The technical reconnaissance bases (previously known as bureaus), or TRBs, are the numerous detachments hailing from the legacy structures of the PLA’s signals intelligence setup. Most of them have been reorganised into the theatre commands and are responsible for various cyber missions. The TRBs rely on a mixture of bespoke toolchains and toolchains shared with contractors and the MSS. One example is ShadowPad, which is thought to be behind one of China’s first known prepositioning operations, RedEcho. RedEcho was discovered in the Indian power grid in 2021 during the height of the Indo-China border standoff and is most likely the handiwork of a TRB under the Western Theatre Command.
A de-clustering of Chinese cyber operations undertaken for groups active in China’s near abroad and associated with the PLA was able to link intrusions to TRBs. According to this analysis, which was based on commercially available and open-source intelligence, the ‘Tonto Team’ was related to Unit 65016, a TRB of the Northern Theatre Command; ‘Naikon’ was linked to the Southern Theatre Command; and ‘Tick’ was related to Unit 61419, which is likely a TRB directly under the SSF.

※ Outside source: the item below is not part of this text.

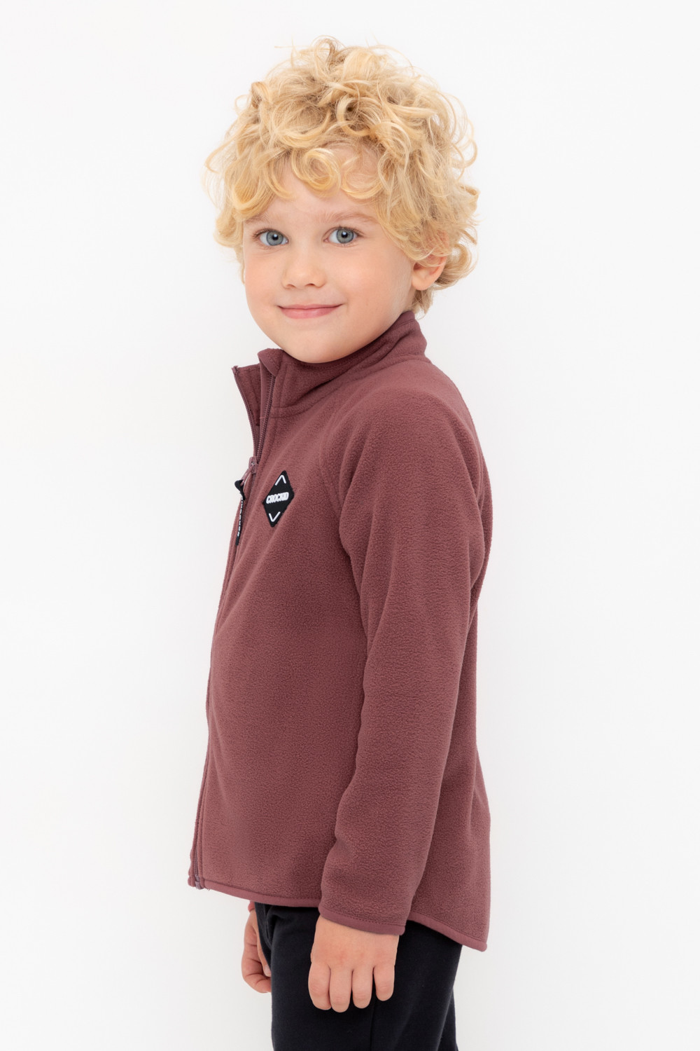 Флисовая куртка для мальчика. У изделия удлинённая спинка, высокий воротник, предусмотрена защита шеи и подбородка. Рукава-реглан и низ изделия обработаны эластичным кантом для лучшего прилегания к телу, по бокам два кармана. Куртка сохраняет цвет и форму после многократных стирок.

There has been some debate among the experts about how the TRBs fit into the joint command structure of the theatre commands and the SSF. However, the consensus is that because the theatre commanders have managed to remain the foci in a slow-changing bureaucracy, most TRBs are more closely associated with them than with the SSF.

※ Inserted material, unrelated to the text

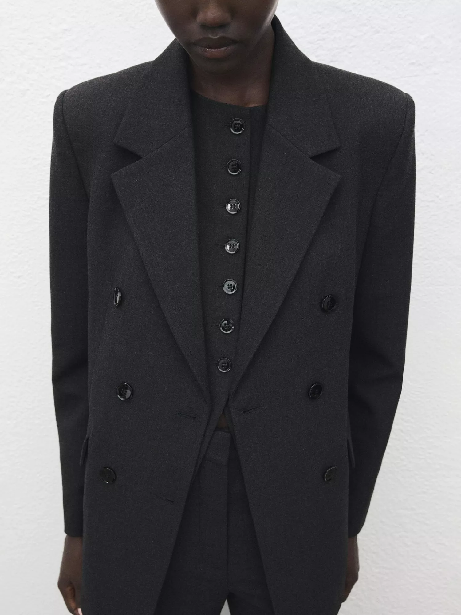 A double-breasted blazer from Mango. Its smart design and comfortable fit make it your reliable choice for any plans, adding sharp style to your wardrobe.

This is the assumption that the Volt Typhoon disclosure seems to challenge. It was undoubtedly a strategic operation and its prepositioning extends far beyond China’s near abroad. Its scope is a sign that the integration of joint information warfare forces into the PLA has matured. The military cyber elements seem to have been extricated from the stovepipes of the theatre commands and are ready to produce strategic effects extending beyond the Indo-Pacific. And the integration isn’t just militaristic but also political: the PLA is the Chinese Communist Party’s army. Strategic cyber operations are directly sanctioned by the Central Military Commission and ultimately authorised by Xi.
An alternative hypothesis is that the MSS or a team of contractors were tasked with gathering intelligence to prepare for a future battlefield. The MSS and its privateers have gone beyond their remit in the past. The 2020–21 exploitation of Microsoft Exchange, for example, which aggressively targeted many Western organisations, is thought to have been orchestrated by a regional bureau of the MSS and so wouldn’t have gone through PLA channels to the top.
That said, the Chinese cyber apparatus also relies on decentralisation and outsourcing to maintain deniability. And while the Volt Typhoon intrusion could have been the result of private contractors’ reckless manoeuvring, such a move would have been deemed risky by the Chinese political establishment, which is keenly aware of the risk of escalation in cyber operations.
The intelligence that has trickled through from the Five Eyes points to interesting doctrinal and strategic developments in the Chinese cyber establishment, especially the extent and success of its integration with the PLA. A rigorous, transparent assessment by interdisciplinary experts, aided by governments, is required to fully understand these developments and their potential consequences.